• **Given data**
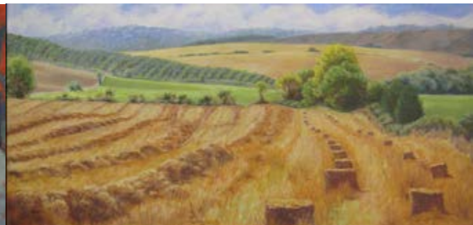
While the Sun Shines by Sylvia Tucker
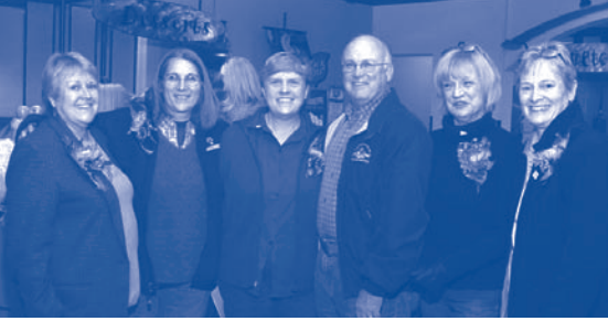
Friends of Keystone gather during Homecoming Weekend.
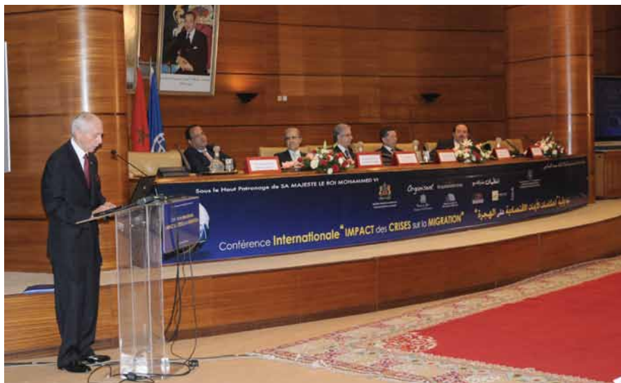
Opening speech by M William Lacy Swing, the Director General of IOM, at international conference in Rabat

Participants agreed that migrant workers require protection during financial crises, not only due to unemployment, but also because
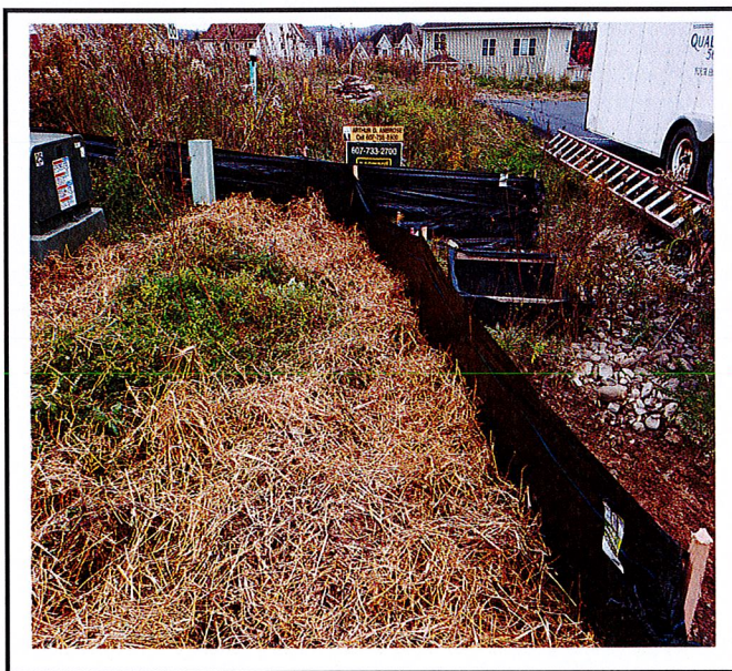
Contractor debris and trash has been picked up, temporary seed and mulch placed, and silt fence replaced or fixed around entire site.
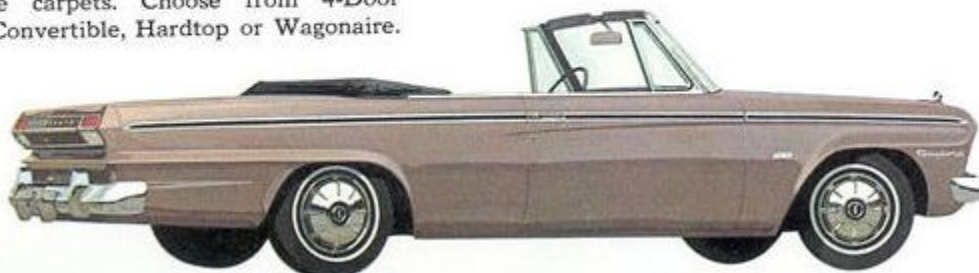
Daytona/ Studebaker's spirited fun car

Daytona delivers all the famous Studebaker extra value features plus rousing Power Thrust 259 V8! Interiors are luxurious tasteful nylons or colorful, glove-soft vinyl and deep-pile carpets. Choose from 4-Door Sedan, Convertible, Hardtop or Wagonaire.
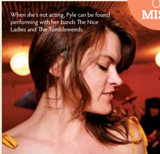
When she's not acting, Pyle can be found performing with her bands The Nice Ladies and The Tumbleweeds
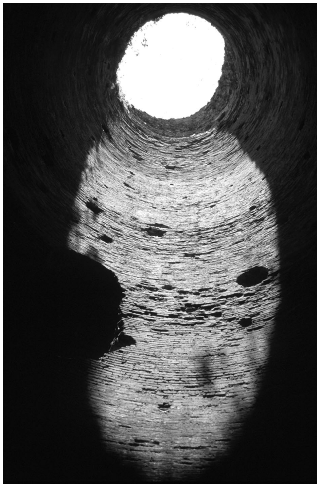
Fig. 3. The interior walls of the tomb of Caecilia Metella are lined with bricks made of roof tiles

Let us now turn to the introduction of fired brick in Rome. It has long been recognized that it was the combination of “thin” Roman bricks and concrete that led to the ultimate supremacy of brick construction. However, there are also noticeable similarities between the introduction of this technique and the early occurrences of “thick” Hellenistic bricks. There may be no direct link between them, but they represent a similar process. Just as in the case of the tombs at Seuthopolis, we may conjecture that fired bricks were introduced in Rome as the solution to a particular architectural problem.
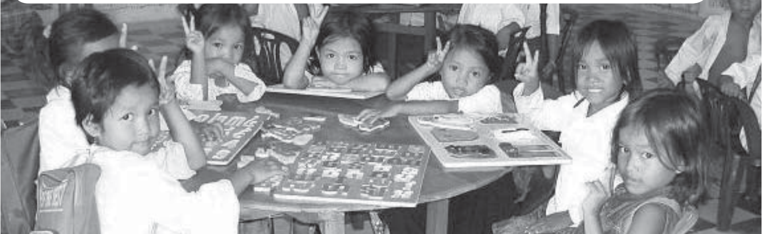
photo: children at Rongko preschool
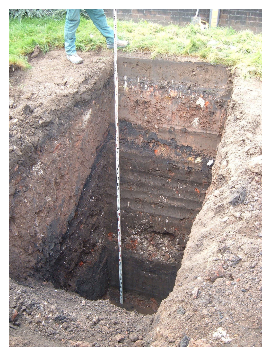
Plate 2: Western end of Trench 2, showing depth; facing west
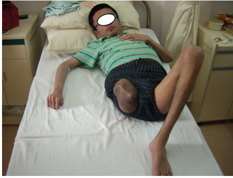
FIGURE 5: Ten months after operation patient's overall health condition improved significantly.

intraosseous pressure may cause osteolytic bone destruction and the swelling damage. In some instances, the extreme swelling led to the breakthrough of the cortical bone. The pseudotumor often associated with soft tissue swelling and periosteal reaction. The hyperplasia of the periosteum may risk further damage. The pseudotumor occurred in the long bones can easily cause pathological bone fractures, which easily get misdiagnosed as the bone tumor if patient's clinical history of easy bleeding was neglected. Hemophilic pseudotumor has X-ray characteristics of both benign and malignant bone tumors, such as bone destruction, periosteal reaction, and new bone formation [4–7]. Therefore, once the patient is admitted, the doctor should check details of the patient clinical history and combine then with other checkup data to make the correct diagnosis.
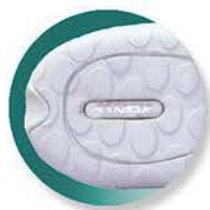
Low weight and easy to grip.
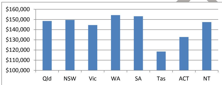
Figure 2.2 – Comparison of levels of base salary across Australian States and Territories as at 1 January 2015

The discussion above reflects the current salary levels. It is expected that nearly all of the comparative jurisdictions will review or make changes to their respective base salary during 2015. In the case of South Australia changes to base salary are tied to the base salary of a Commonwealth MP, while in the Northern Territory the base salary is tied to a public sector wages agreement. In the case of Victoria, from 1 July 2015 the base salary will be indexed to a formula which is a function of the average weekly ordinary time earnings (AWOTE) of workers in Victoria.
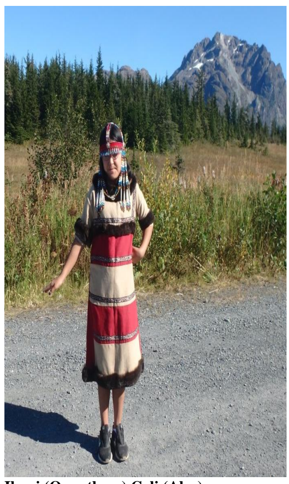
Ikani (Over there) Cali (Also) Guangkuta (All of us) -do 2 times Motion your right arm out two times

• **What you have to do**
Beginning with the line above that has "Contractor debris and" and going on through the line that has "Daytona delivers all", retype every line exactly and add nothing else; drop the pictures.

• **Response to the exercise**
Contractor debris and trash has been picked up, temporary seed and mulch placed, and silt fence replaced or fixed around entire site.
Daytona/ Studebaker's spirited fun car

Daytona delivers all the famous Studebaker extra value features plus rousing Power Thrust 259 V8! Interiors are luxurious tasteful nylons or colorful, glove-soft vinyl and deep-pile carpets. Choose from 4-Door Sedan, Convertible, Hardtop or Wagonaire.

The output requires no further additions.